__Exercise__
Your answer must be the full listing below, repeated exactly, with no pictures in it.

__Dataset records__
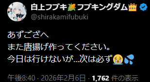 | … | 13無題Name名無し 26/02/06(金)20:19:56 IP:60.236.*(mesh.ad.jp)No.11488120+まちゅのために唐揚げ揚げたい |
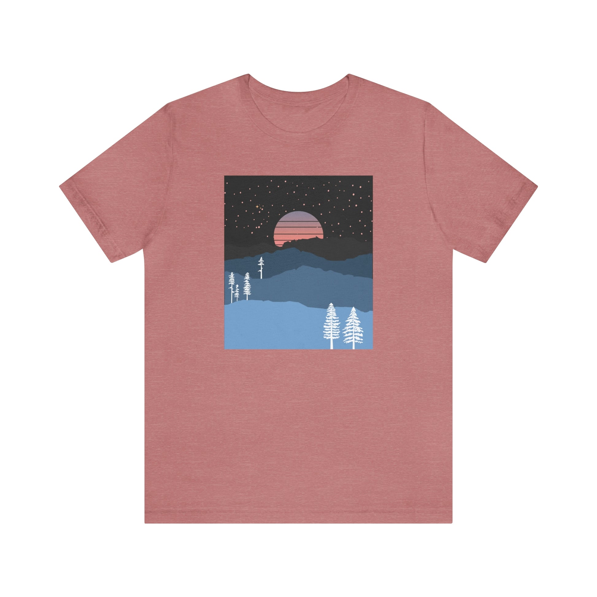 If you love the outdoors this moon rise over the mountain night sky is the t-shirt for you!
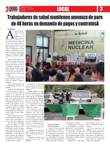 de Maternidad, son sectores que cian paro de 48 horas | EL Santa Cruz enfrenta medidas de de otras deudas. sobre el tema. Las consultas aún
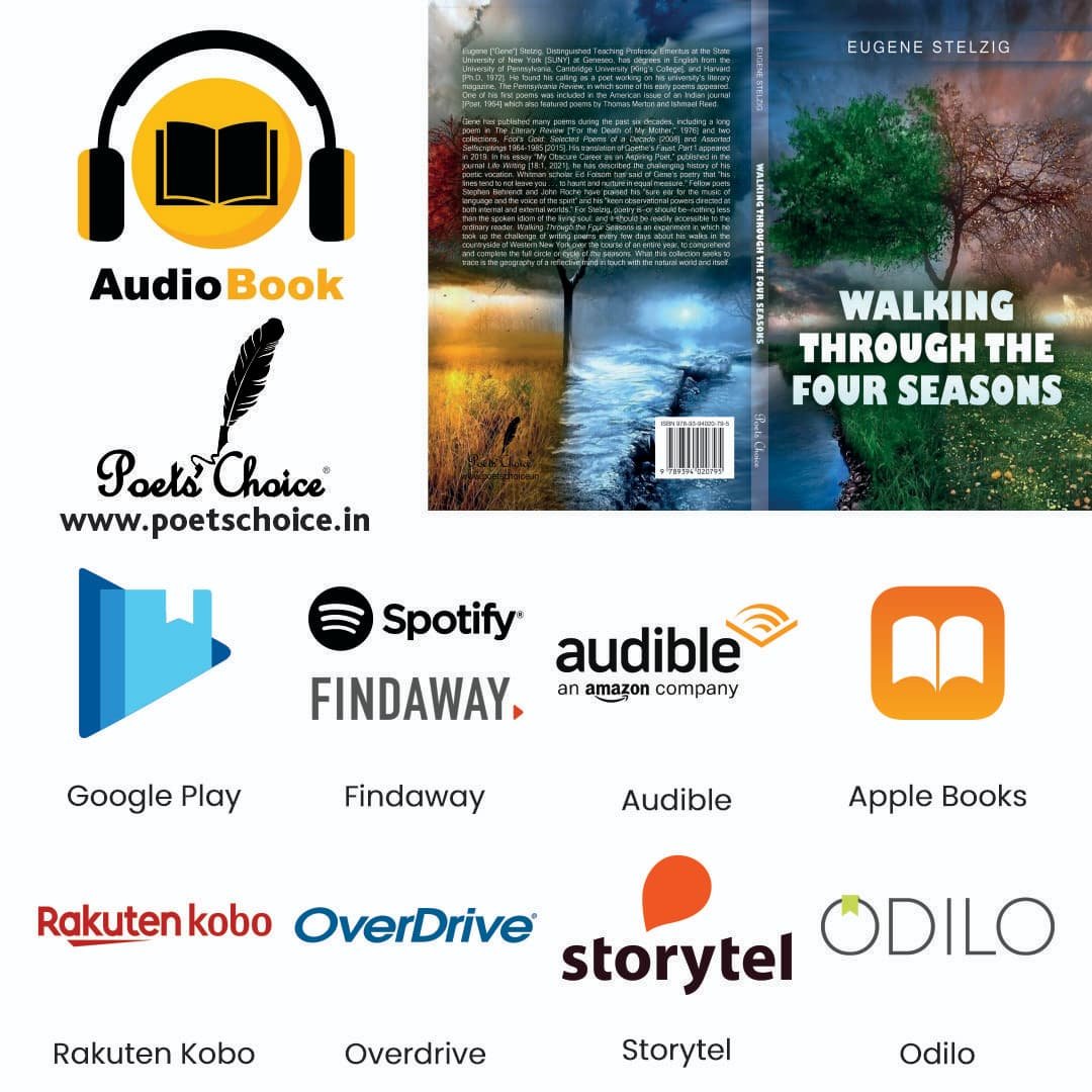 Eugene [“Gene”] Stelzig, Distinguished Teaching Professor Emeritus at the State University of New York [SUNY] at Geneseo, has degrees in English from the University of Pennsylvania, Cambridge University [King’s College], and Harvard [Ph.D, 1972]. He found his calling as a poet working on his university’s literary magazine, The Pennsylvania Review, in which some of his early poems appeared. One of his first poems was included in the American issue of an Indian journal [Poet, 1964] which also featured poems by Thomas Merton and Ishmael Reed.
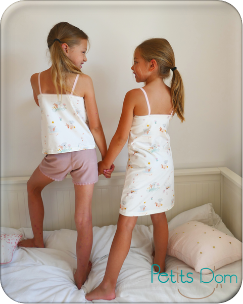 Lise Tailor a eu la gentillesse de m’envoyer un coupon de cet adorable jersey Marcus et Lily que j’ai transformé en débardeur et nuisette pour mes minettes.
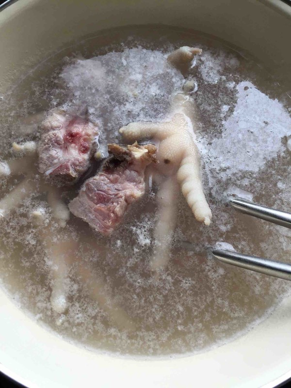 鸡爪和排骨冷水下锅,加热后焯水三分钟捞起洗净
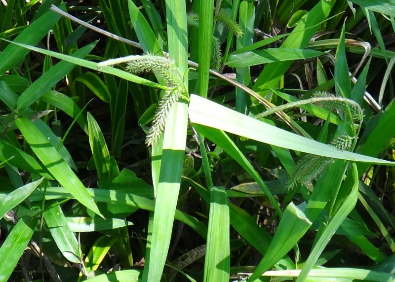 雄性の頂小穂は線形。雌性の側小穂数本は円柱形で湾曲する。(2015/5/10)
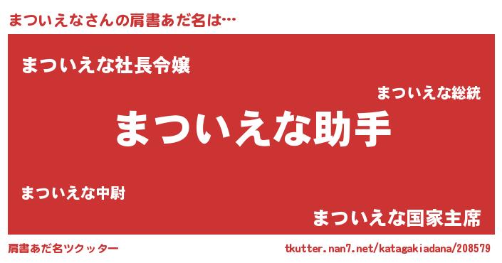 | 男性向けラノベタイトル風あだ名 | 『おまえをオタクにしてやるから、俺をまついえなにしてくれ! 』 |

__Written solution__
 | … | 13無題Name名無し 26/02/06(金)20:19:56 IP:60.236.*(mesh.ad.jp)No.11488120+まちゅのために唐揚げ揚げたい |
 If you love the outdoors this moon rise over the mountain night sky is the t-shirt for you!
 de Maternidad, son sectores que cian paro de 48 horas | EL Santa Cruz enfrenta medidas de de otras deudas. sobre el tema. Las consultas aún
 Eugene [“Gene”] Stelzig, Distinguished Teaching Professor Emeritus at the State University of New York [SUNY] at Geneseo, has degrees in English from the University of Pennsylvania, Cambridge University [King’s College], and Harvard [Ph.D, 1972]. He found his calling as a poet working on his university’s literary magazine, The Pennsylvania Review, in which some of his early poems appeared. One of his first poems was included in the American issue of an Indian journal [Poet, 1964] which also featured poems by Thomas Merton and Ishmael Reed.
 Lise Tailor a eu la gentillesse de m’envoyer un coupon de cet adorable jersey Marcus et Lily que j’ai transformé en débardeur et nuisette pour mes minettes.
 鸡爪和排骨冷水下锅,加热后焯水三分钟捞起洗净
 雄性の頂小穂は線形。雌性の側小穂数本は円柱形で湾曲する。(2015/5/10)
 | 男性向けラノベタイトル風あだ名 | 『おまえをオタクにしてやるから、俺をまついえなにしてくれ! 』 |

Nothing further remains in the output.